▶ _Dataset section_
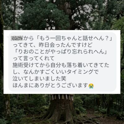 神域結界で邪魔なものが完全に遮断された状態で縁を結ぶから、想いは何にも妨げられることなく、彼の深いところへ一直線に届きます。
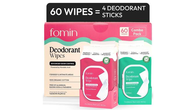 Smell fresh from day to night with Fomin Deodorant Wipes. Offering advanced odor control to your entire body, these 100% organic wipes are free of aluminum, baking soda and parabens.
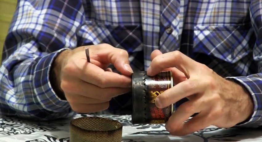 В самой банке нужно проткнуть отверстия шилом толщиной 2 мм. Они пробиваются по окружности с шагом 8 мм на расстоянии от верхнего бортика 15 мм. Каждое из них нужно слегка вывернуть вверх, чтобы направлять пламя.

▶ _Task requirements_
From the line with "Smell fresh from" through the final line of the data above, copy everything exactly, both ends included, but not the pictures.

▶ _Solution to this problem_
 Smell fresh from day to night with Fomin Deodorant Wipes. Offering advanced odor control to your entire body, these 100% organic wipes are free of aluminum, baking soda and parabens.
 В самой банке нужно проткнуть отверстия шилом толщиной 2 мм. Они пробиваются по окружности с шагом 8 мм на расстоянии от верхнего бортика 15 мм. Каждое из них нужно слегка вывернуть вверх, чтобы направлять пламя.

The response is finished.